How to use Rasterize in GeoStats.jl

(note: I am splitting this thread from this one in order to avoid misunderstanding)

I can confirm that the latest version of GeoIO can now successfully import a geopackage where the geometries are provided in a Shape column. This results in a GeoTable.

But then how do I use GeoStats.Rasterize in order to create pixels with the value of the largest area of land use in the pixel and save as a tiff ? Land use in my case is an integer code in column “Code_18”.

Thank you for the update on GeoIO, I confirm it works!

1 Like

Thanks for splitting the thread, and for trying the packages. I am assuming you did read the docstring of the transform:

  Rasterize(grid, var₁ => agg₁, ..., varₙ => aggₙ)

  Rasterize geometries within specified grid.

  Rasterize(nx, ny)
  Rasterize(nx, ny, var₁ => agg₁, ..., varₙ => aggₙ)

  Alternatively, use the grid with size nx by ny obtained with discretization of the bounding box.

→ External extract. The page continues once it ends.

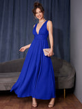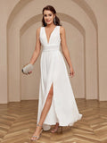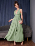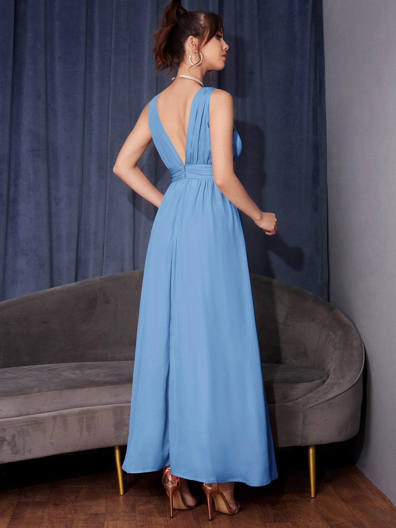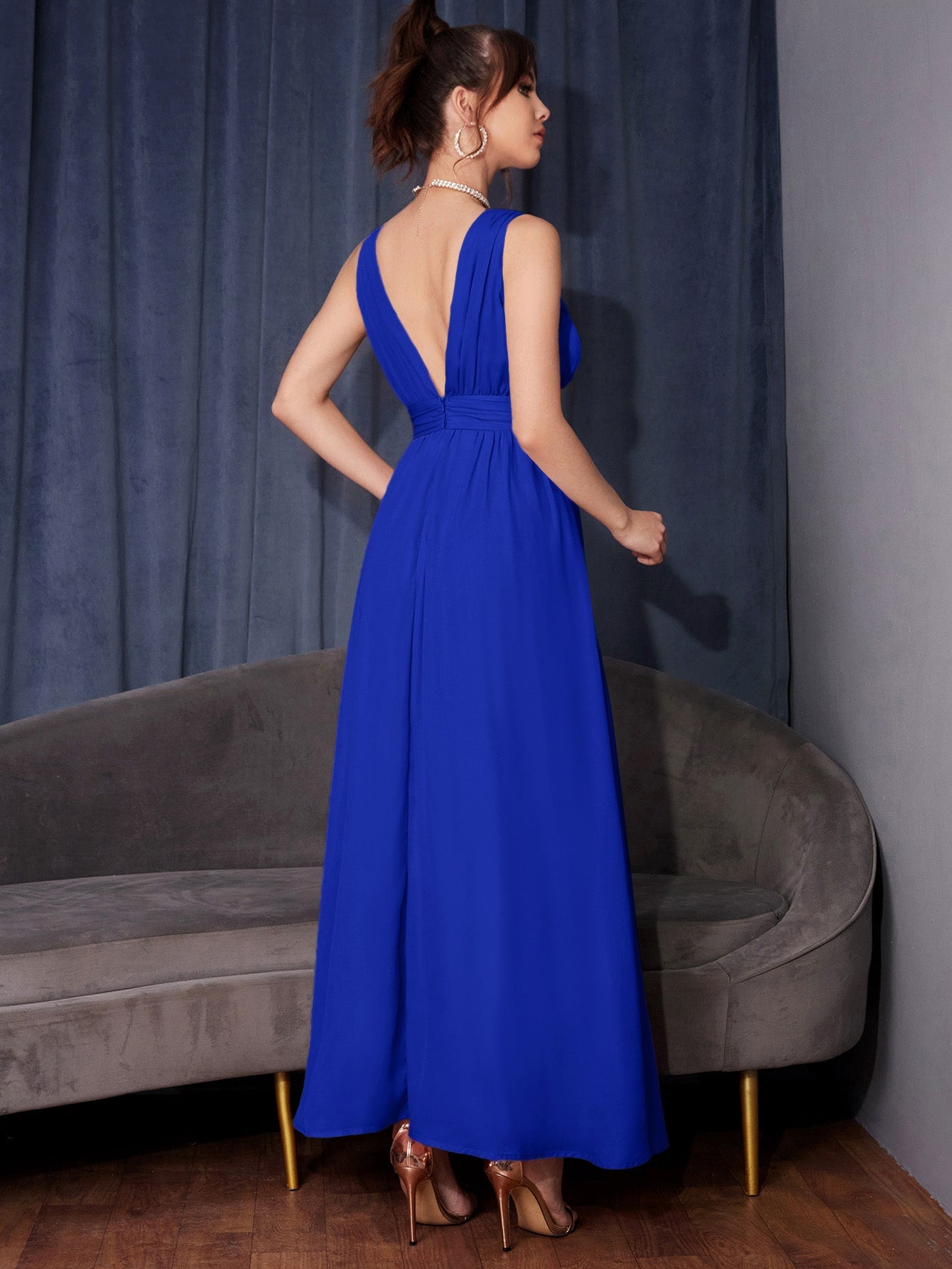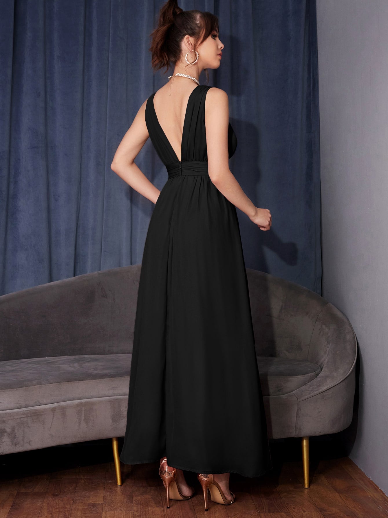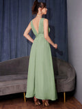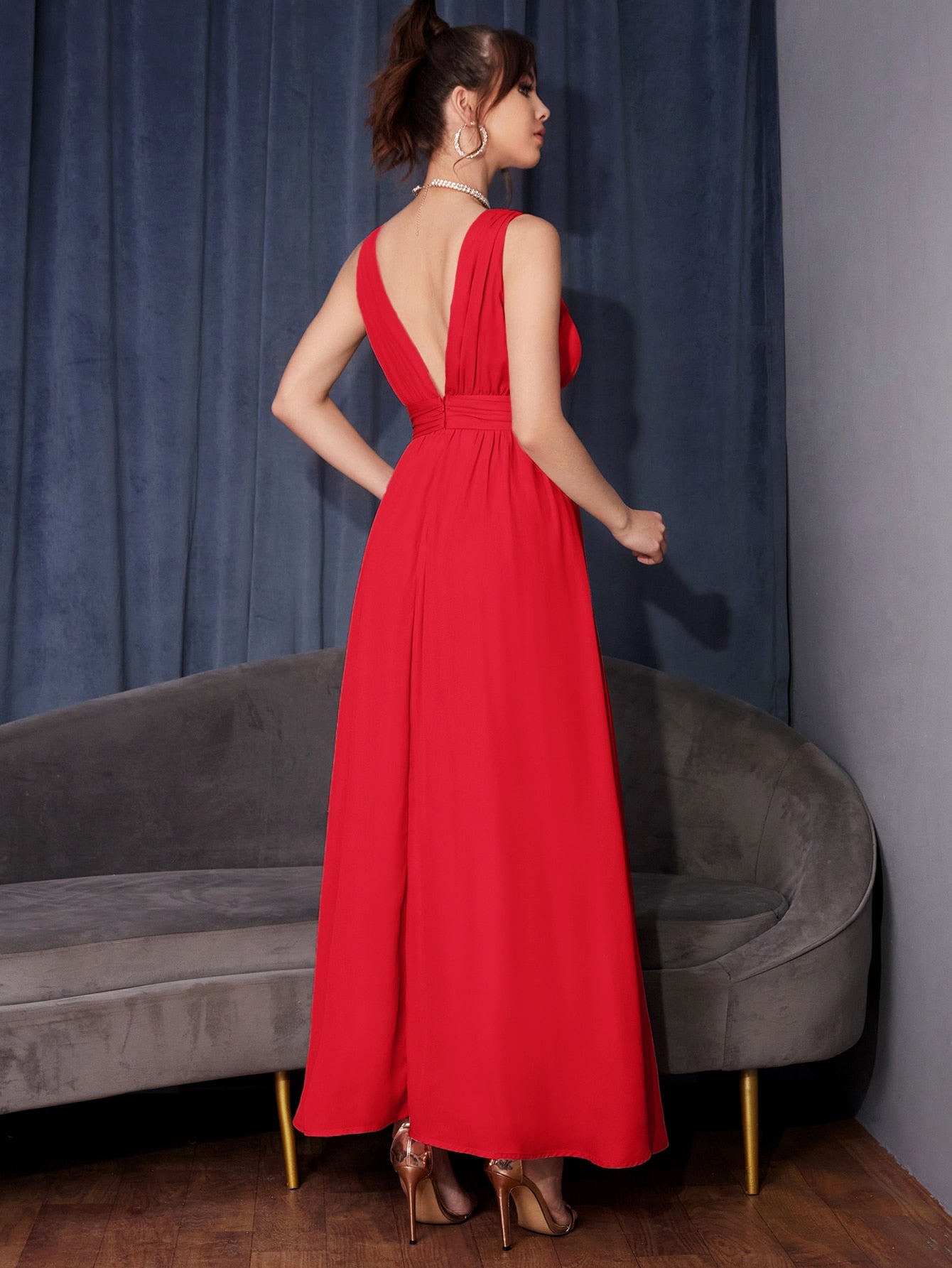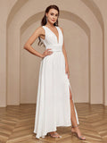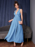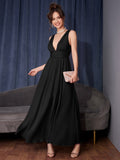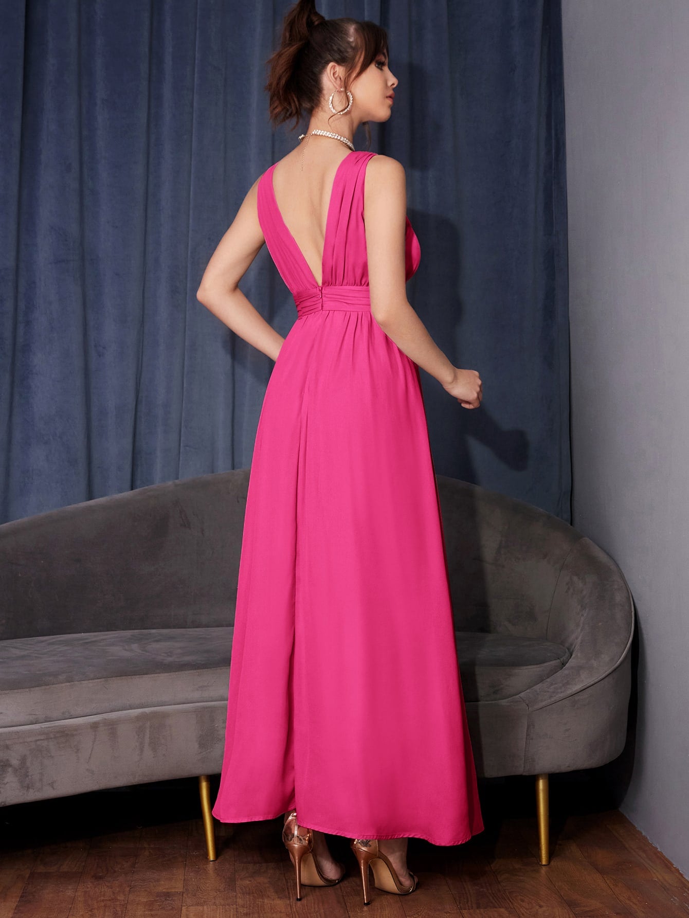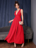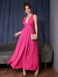 Graceful Elegance: Women's Solid Color Deep V-Neck High Split Dress

  Duplicates of a variable varᵢ are aggregated with aggregation function aggᵢ. If an aggregation function is not defined for variable varᵢ, the default aggregation function will be used.
  Default aggregation function is mean for continuous variables and first otherwise.


  grid = CartesianGrid(10, 10)
  Rasterize(10, 10)
  Rasterize(grid, 1 => last, 2 => maximum)
  Rasterize(10, 10, 1 => last, 2 => maximum)
  Rasterize(grid, :a => first, :b => minimum)
  Rasterize(10, 10, :a => first, :b => minimum)
  Rasterize(grid, "a" => last, "b" => maximum)
  Rasterize(10, 10, "a" => last, "b" => maximum)

You can specify the grid (e.g. CartesianGrid) on which the rasterization will occur, and then pass aggregation functions per variable as in the example, to decide what to do with the matches.

Do I understand correctly that you want to take the mode of the land types within a pixel?

I would try something like:

geotable |> Rasterize(grid, "Code_18" => mode)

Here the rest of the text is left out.